Data shown ->
..............................
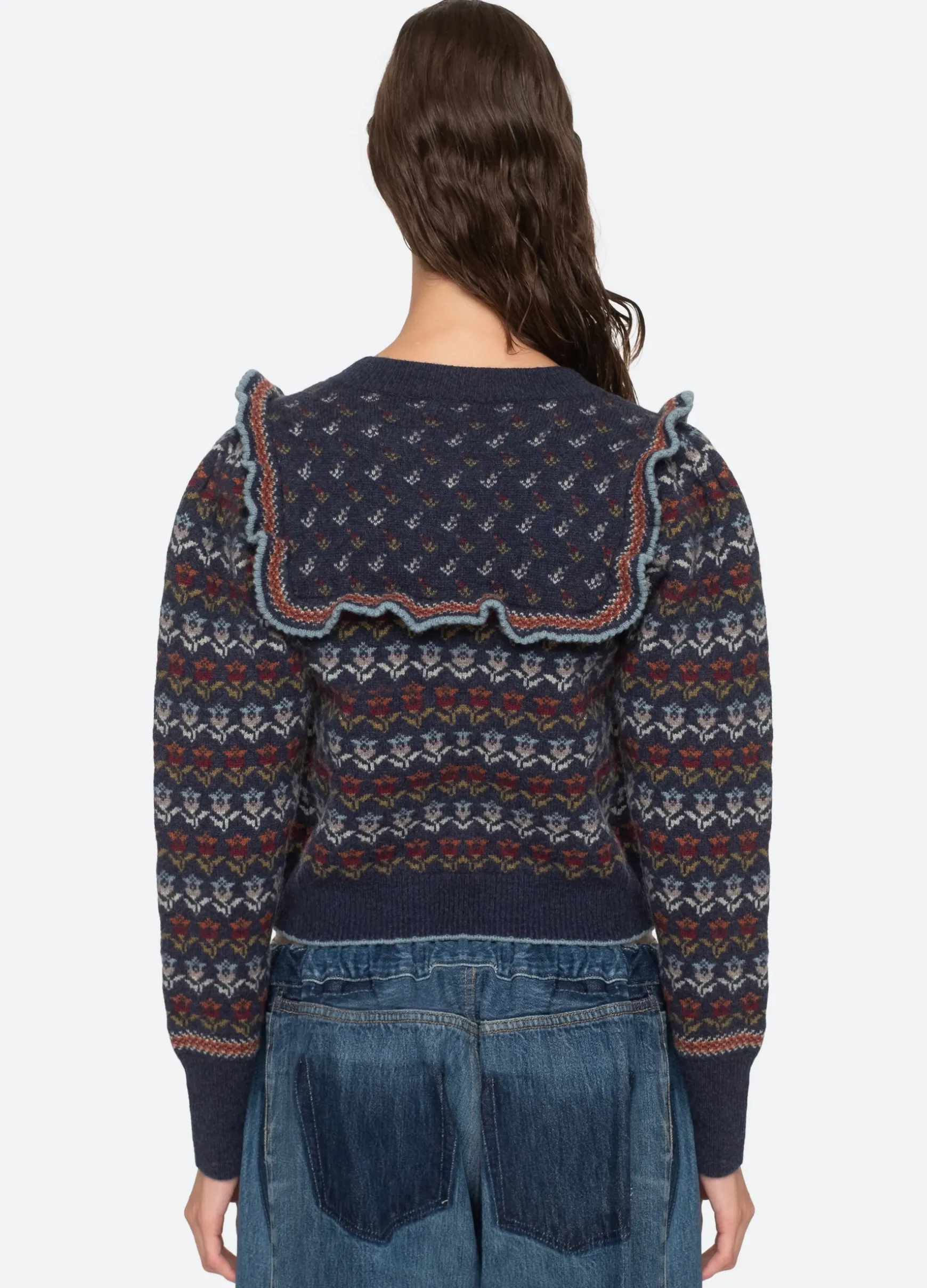 The Anna long sleeve cardigan features a ruffle bib and multi colored floral motif.
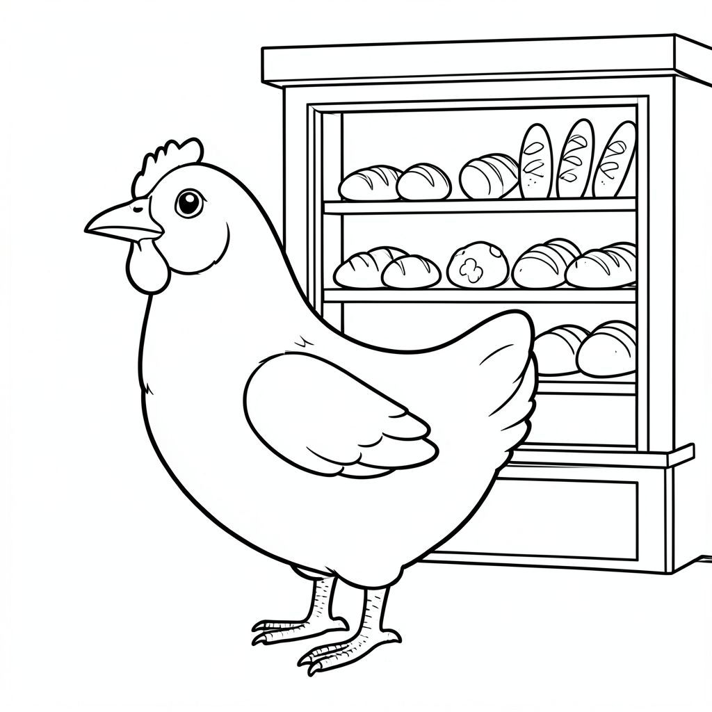 solo, một con chim, một đầu, hai mắt, một mỏ, hai cánh, hai chân, một đuôi, tỷ lệ tự nhiên, quy mô thích hợp trong môi trường, đúng giải phẫu, gà, cửa sổ tiệm bánh, trưng bày, bánh mì, bánh ngọt, ấm áp, đơn giản, dọn dẹp, lý lịch, mặt tiền cửa hàng, cửa sổ, trang tô màu, nghệ thuật đường, nền trắng, solo, chủ đề đơn, đúng về mặt giải phẫu, giải phẫu hoàn hảo
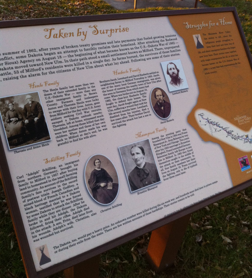 As this sign notes, the survivors fled to New Ulm to warn citizens there that the Dakota were on their way. If you want to know more about the war, check out this website.
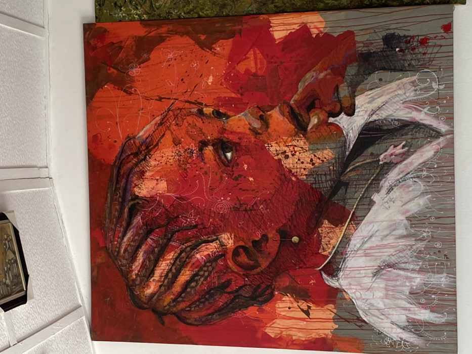 A large, vertically oriented mixed-media painting depicting a child in profile from the chest up is centered in the frame, situated within an interior location in Ikate, Nigeria
..............................
Reproduce the material above in full, exactly, with no images.

Response area ->
 The Anna long sleeve cardigan features a ruffle bib and multi colored floral motif.
 solo, một con chim, một đầu, hai mắt, một mỏ, hai cánh, hai chân, một đuôi, tỷ lệ tự nhiên, quy mô thích hợp trong môi trường, đúng giải phẫu, gà, cửa sổ tiệm bánh, trưng bày, bánh mì, bánh ngọt, ấm áp, đơn giản, dọn dẹp, lý lịch, mặt tiền cửa hàng, cửa sổ, trang tô màu, nghệ thuật đường, nền trắng, solo, chủ đề đơn, đúng về mặt giải phẫu, giải phẫu hoàn hảo
 As this sign notes, the survivors fled to New Ulm to warn citizens there that the Dakota were on their way. If you want to know more about the war, check out this website.
 A large, vertically oriented mixed-media painting depicting a child in profile from the chest up is centered in the frame, situated within an interior location in Ikate, Nigeria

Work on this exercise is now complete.